Having recently had the extreme luxury of being able to design and implement an object system from scratch, I took the policy of forcing all variables to be (equivalent to) protected. My goal was to encourage users to always treat the variables as part of the implementation and not the specification. OTOH, I also left in hooks to allow code to break this restriction as there remain reasons to not follow it (e.g., the object serialization engine cannot follow the rules).
Note that my classes did not need to enforce security; the language had other mechanisms for that.
In my opinion the most important reason for use private members is hiding implementation, so that it can changed in the future without changing descendants.
Some languages - Smalltalk, for instance - don't have visibility modifiers at all.

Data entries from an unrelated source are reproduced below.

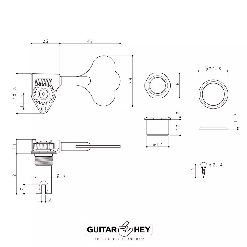- Compact Bass Tuners w/ open-gear for smaller peghead
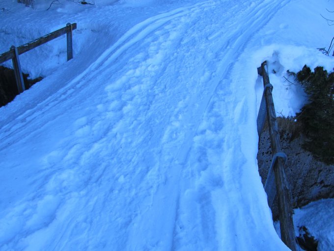 In der Südflanke vom Stockberg tragender Harschdeckel, beim Abstieg um ca. halb 12 Uhr aufgefirnt.
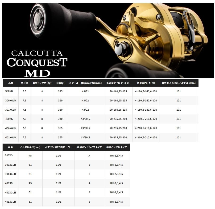 シマノ 23 カルカッタコンクエスト MD 301XGLH(左ハンドル) / ベイトリール (送料無料) / shimano 【本店特別価格】
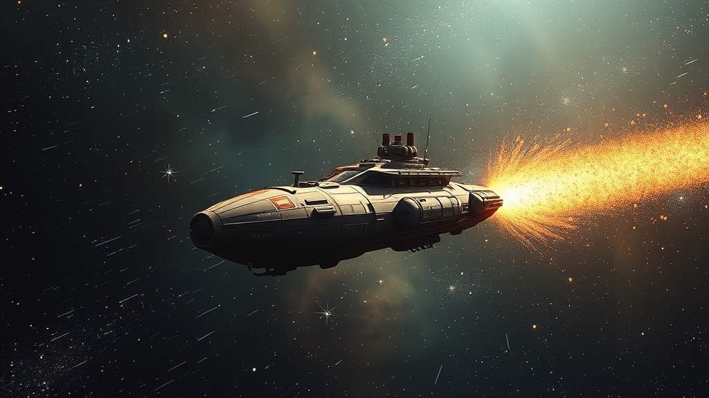 Adventure-bound vessel soaring through the cosmos, leaving a trail of stardust in its wake.
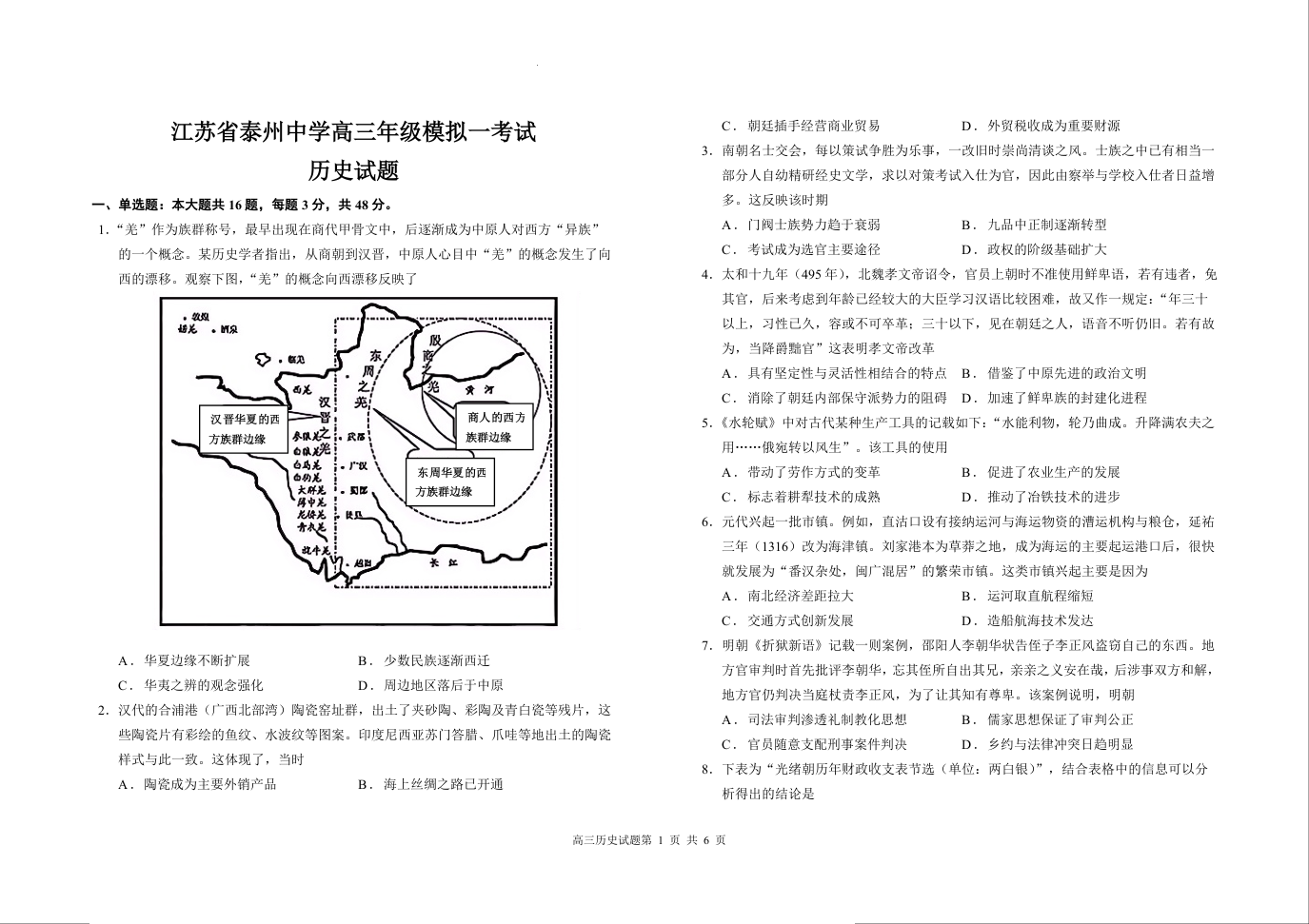 江苏省泰州中学2025届高三上学期一模考试 历史.docx

In Smalltalk's case, all instance variables are always private and all methods are always public. A developer indicates that a method's "private" - something that might change, or a helper method that doesn't make much sense on its own - by putting the method in the "private" protocol.
Users of a class can then see that they should think twice about sending a message marked private to that class, but still have the freedom to make use of the method.
(Note: "properties" in Smalltalk are simply getter and setter methods.)
I personally rarely make use of protected members. I usually favor composition, the decorator pattern or the strategy pattern. There are very few cases in which I trust a subclass(ing programmer) to handle protected variables correctly. Sometimes I have protected methods to explicitly offer an interface specifically for subclasses, but these cases are actually rare.
Most of the time I have an absract base class with only public pure virtuals (talking C++ now), and implementing classes implement these. Sometimes they add some special initialization methods or other specific features, but the rest is private.
First of all 'properties' could refer to different things in different languages. For example, in Java you would be meaning instance variables, whilst C# has a distinction between the two.
I'm going to assume you mean instance variables since you mention getters/setters.
The reason as others have mentioned is Encapsulation. And what does Encapsulation buy us?
Flexibility
When things have to change (and they usually do), we are much less likely to break the build by properly encapsulating properties.
For example we may decide to make a change like:
int getFoo()
{
return foo;
}
int getFoo()
{
return bar + baz;
}
If we had not encapsulated 'foo' to begin with, then we'd have much more code to change. (than this one line)
Another reason to encapsulate a property, is to provide a way of bullet-proofing our code:
void setFoo(int val)
{
if(foo < 0)
throw MyException(); // or silently ignore
foo = val;
}
This is also handy as we can set a breakpoint in the mutator, so that we can break whenever something tries to modify our data.
If our property was public, then we could not do any of this!